*** Source data ***

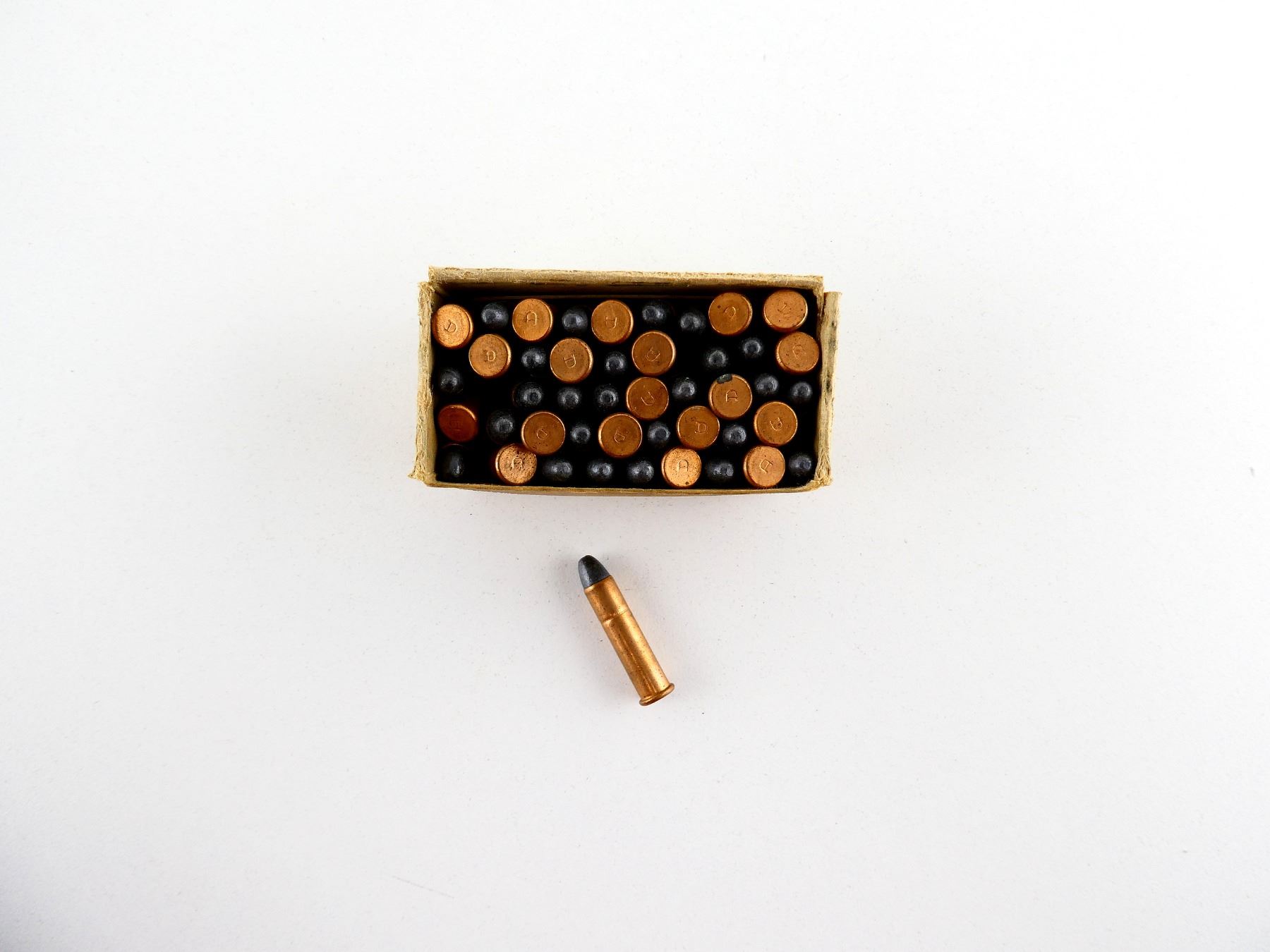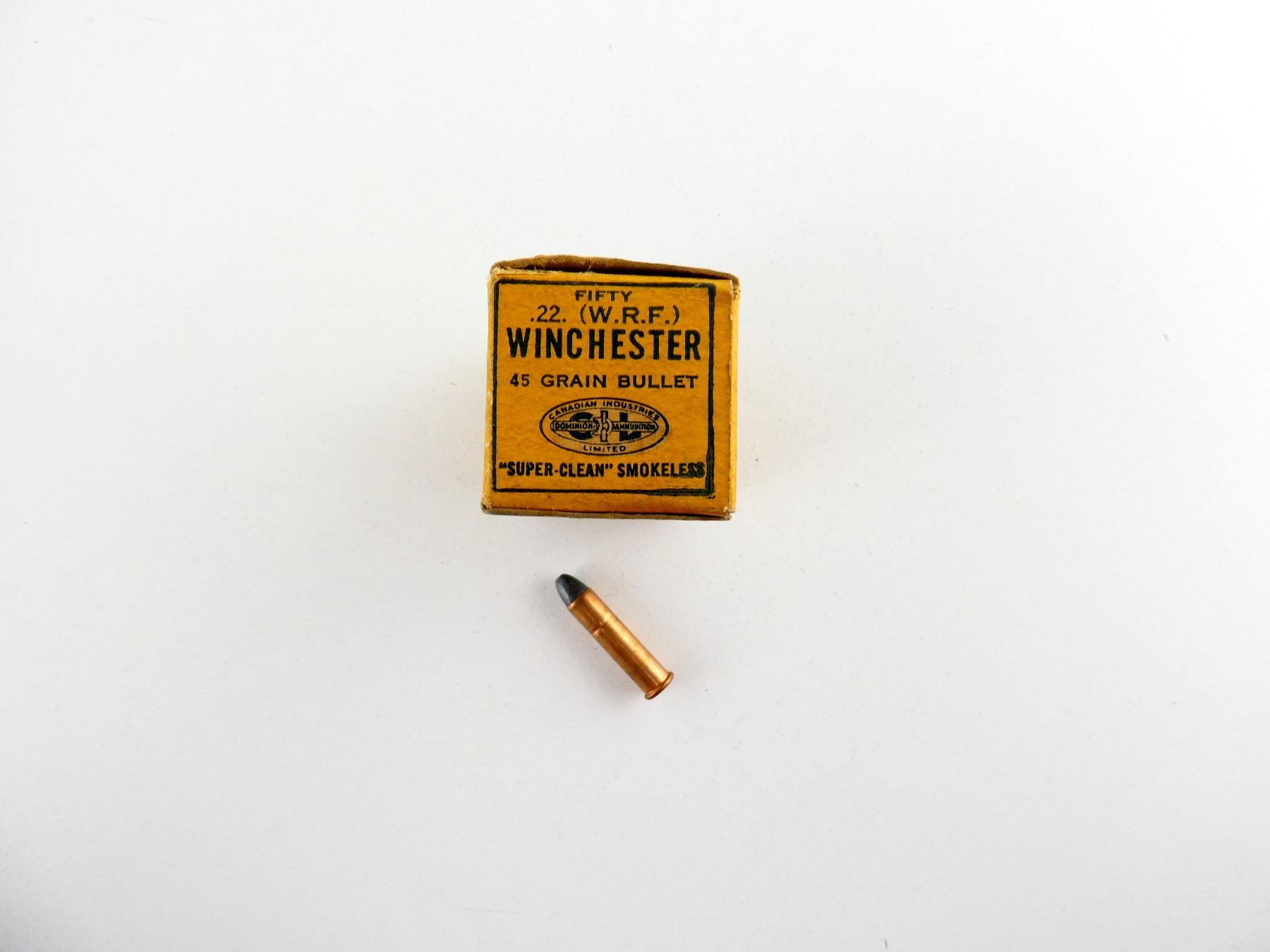 LOT INCLUDES; APPROX. (45) RNDS, 45 GRNS (STATED ON BOX NOT CONFIRMED), LEAD BULLET, IN ORIGINAL COLLECTIBLE BOX, SHOWS SOME WEAR, SEE PHOTOS.
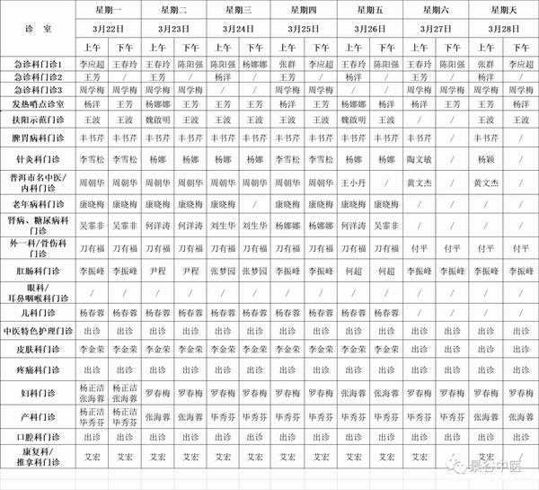 注:出诊医师因特殊情况不能出诊的,以实际为准,不再另行通知,敬请谅解!
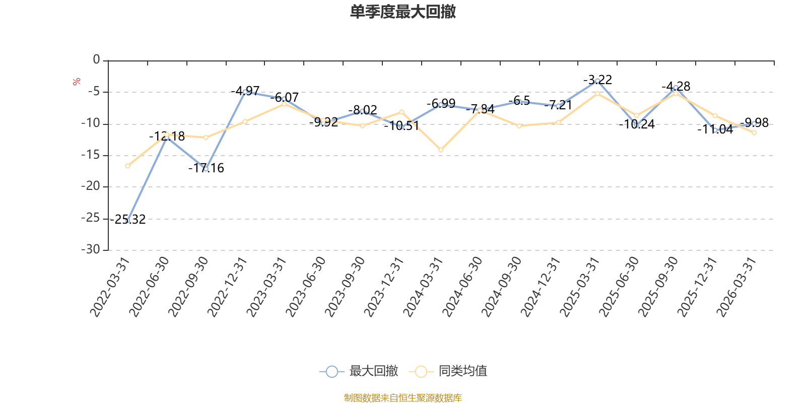 截至4月7日,基金近三年最大回撤为26.82%,同类可比基金排名488/1264。单季度最大回撤出现在2022年一季度,为25.32%。
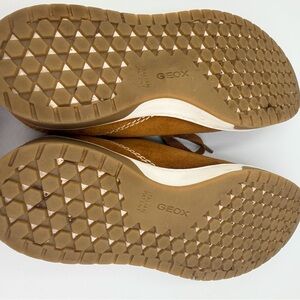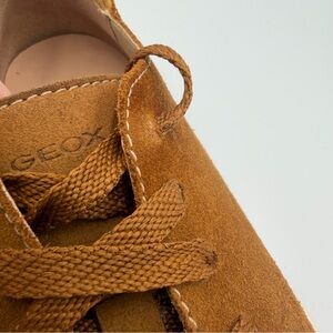 Stylish and comfortable Geox Respira suede lace-up sneakers in a beautiful brown/cognac color. These shoes feature Geox’s signature breathable sole technology for all-day comfort and wearability. Made in Italy with quality craftsmanship, they’re perfect for casual everyday wear, school, or travel.

*** End of Source data ***

> [About this exercise] Omit the pictures and give the material again, exactly and in full.

> [Output]
 LOT INCLUDES; APPROX. (45) RNDS, 45 GRNS (STATED ON BOX NOT CONFIRMED), LEAD BULLET, IN ORIGINAL COLLECTIBLE BOX, SHOWS SOME WEAR, SEE PHOTOS.
 注:出诊医师因特殊情况不能出诊的,以实际为准,不再另行通知,敬请谅解!
 截至4月7日,基金近三年最大回撤为26.82%,同类可比基金排名488/1264。单季度最大回撤出现在2022年一季度,为25.32%。
 Stylish and comfortable Geox Respira suede lace-up sneakers in a beautiful brown/cognac color. These shoes feature Geox’s signature breathable sole technology for all-day comfort and wearability. Made in Italy with quality craftsmanship, they’re perfect for casual everyday wear, school, or travel.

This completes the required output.